Collected data -
_____

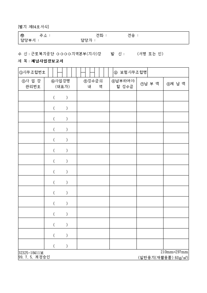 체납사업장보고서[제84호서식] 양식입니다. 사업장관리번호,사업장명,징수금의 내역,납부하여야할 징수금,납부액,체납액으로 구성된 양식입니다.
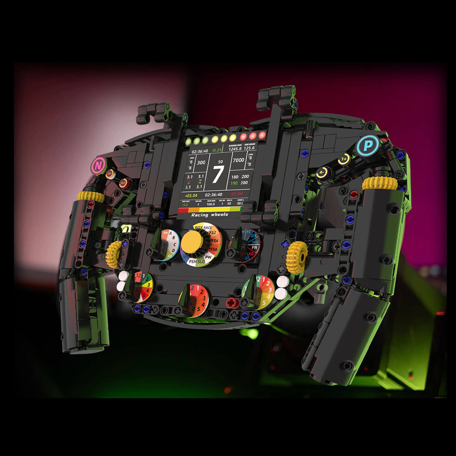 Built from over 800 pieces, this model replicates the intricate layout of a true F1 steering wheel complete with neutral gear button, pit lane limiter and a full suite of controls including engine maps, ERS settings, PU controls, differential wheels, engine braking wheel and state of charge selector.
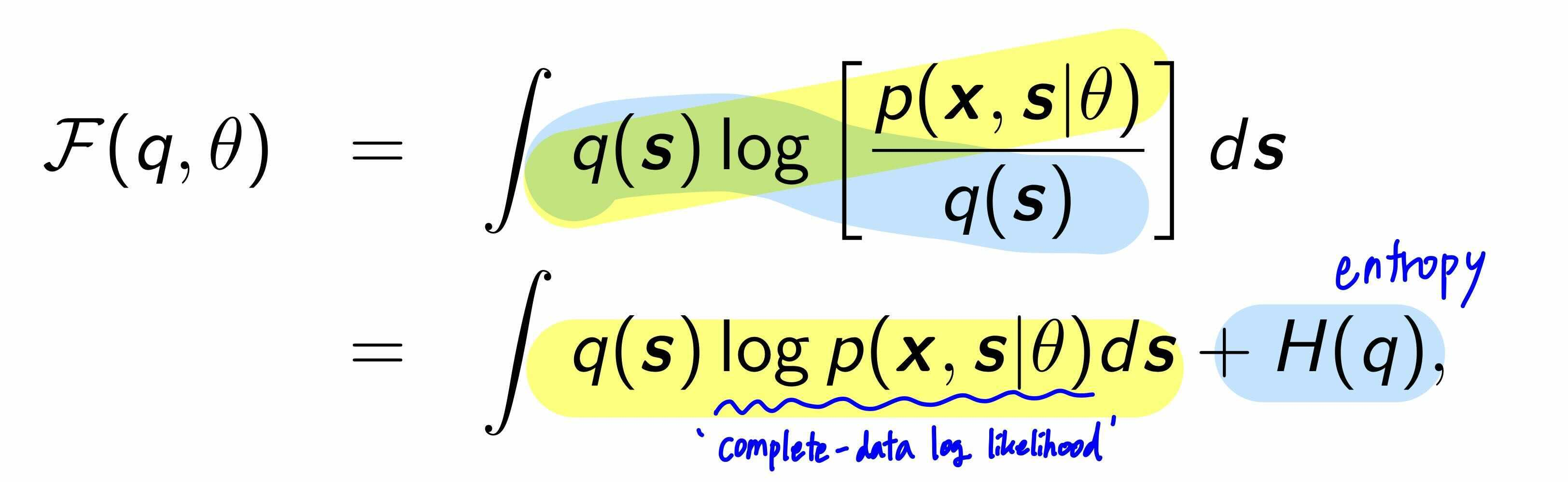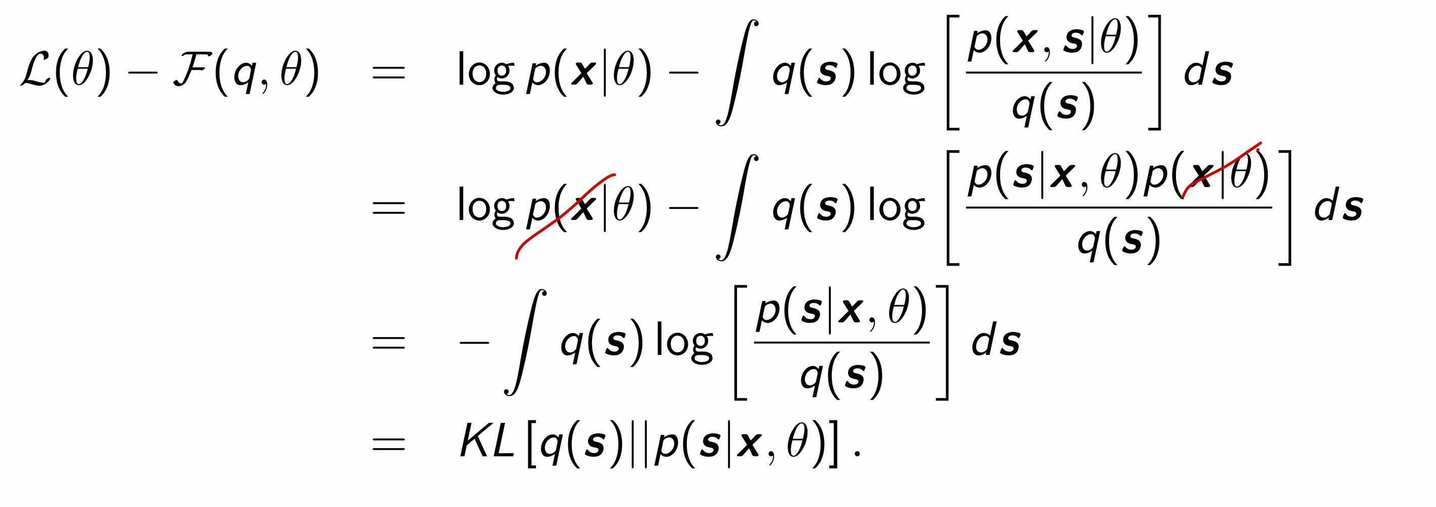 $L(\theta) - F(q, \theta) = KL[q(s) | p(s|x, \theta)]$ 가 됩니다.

_____

Activity -
Please retype the data exactly. The pictures do not go in.

Task output -
 체납사업장보고서[제84호서식] 양식입니다. 사업장관리번호,사업장명,징수금의 내역,납부하여야할 징수금,납부액,체납액으로 구성된 양식입니다.
 Built from over 800 pieces, this model replicates the intricate layout of a true F1 steering wheel complete with neutral gear button, pit lane limiter and a full suite of controls including engine maps, ERS settings, PU controls, differential wheels, engine braking wheel and state of charge selector.
 $L(\theta) - F(q, \theta) = KL[q(s) | p(s|x, \theta)]$ 가 됩니다.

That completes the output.